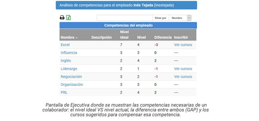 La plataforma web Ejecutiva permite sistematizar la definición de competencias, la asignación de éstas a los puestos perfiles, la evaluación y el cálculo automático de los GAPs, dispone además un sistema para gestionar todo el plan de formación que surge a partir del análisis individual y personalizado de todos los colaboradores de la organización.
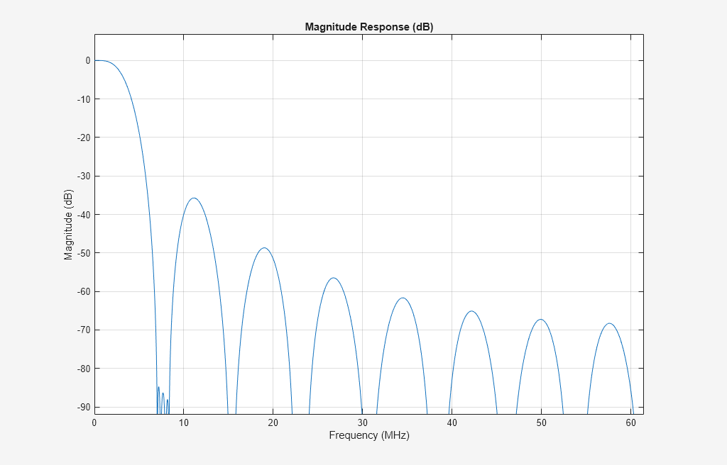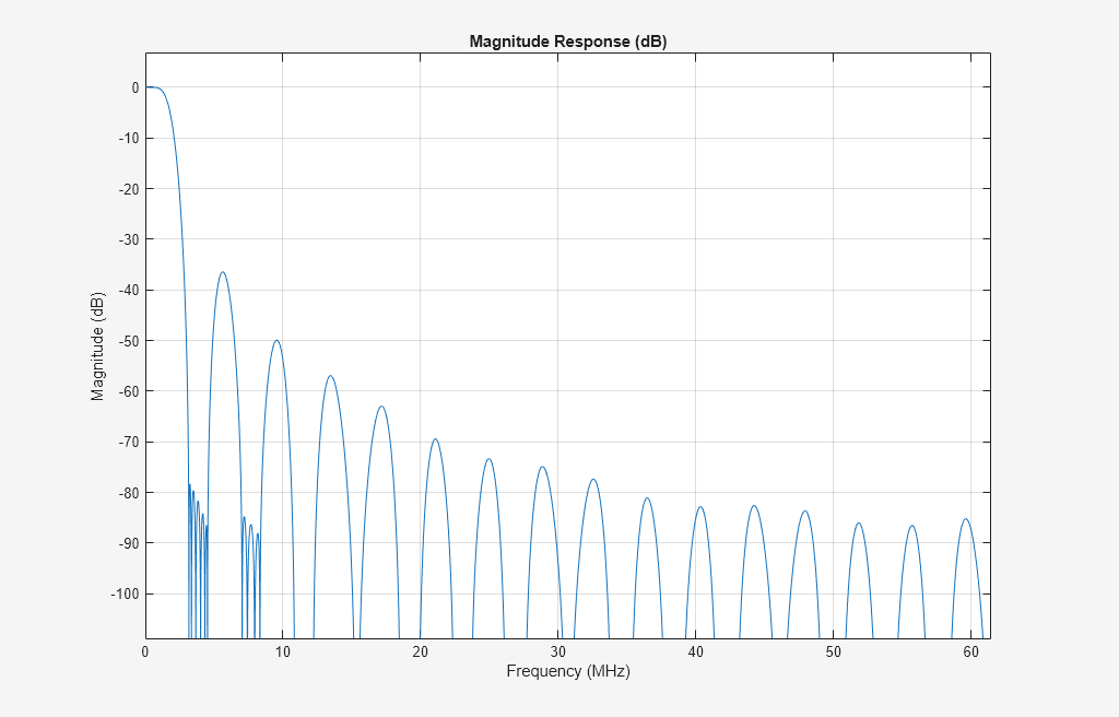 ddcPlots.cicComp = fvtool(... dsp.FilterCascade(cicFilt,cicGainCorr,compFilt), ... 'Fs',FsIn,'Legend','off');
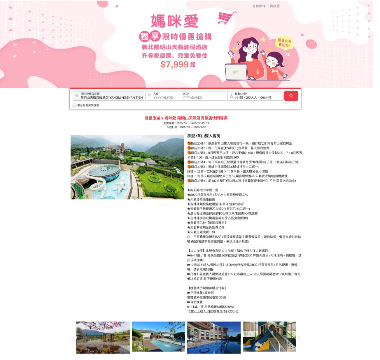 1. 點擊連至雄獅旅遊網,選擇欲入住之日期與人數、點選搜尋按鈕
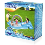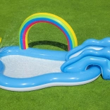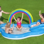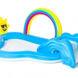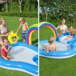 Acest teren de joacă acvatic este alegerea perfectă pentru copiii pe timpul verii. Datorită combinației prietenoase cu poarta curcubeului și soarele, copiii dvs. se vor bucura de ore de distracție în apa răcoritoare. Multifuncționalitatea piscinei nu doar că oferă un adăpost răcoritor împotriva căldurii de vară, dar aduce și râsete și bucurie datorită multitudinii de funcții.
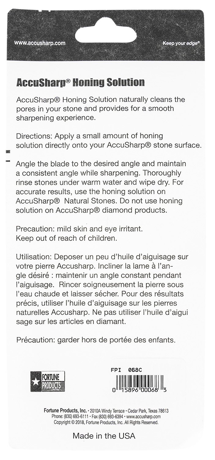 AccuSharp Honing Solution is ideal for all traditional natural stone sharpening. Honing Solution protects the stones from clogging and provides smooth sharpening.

→ PROBLEM TO WORK ON
Take the material above from the line bearing "1. 點擊連至雄獅旅遊網,選擇欲入住之日期與人數、點選搜尋按鈕" through the line bearing "Acest teren de" and write it out exactly, both end lines included. Pictures stay out.

→ RESULT OF THE EXERCISE
 1. 點擊連至雄獅旅遊網,選擇欲入住之日期與人數、點選搜尋按鈕
 Acest teren de joacă acvatic este alegerea perfectă pentru copiii pe timpul verii. Datorită combinației prietenoase cu poarta curcubeului și soarele, copiii dvs. se vor bucura de ore de distracție în apa răcoritoare. Multifuncționalitatea piscinei nu doar că oferă un adăpost răcoritor împotriva căldurii de vară, dar aduce și râsete și bucurie datorită multitudinii de funcții.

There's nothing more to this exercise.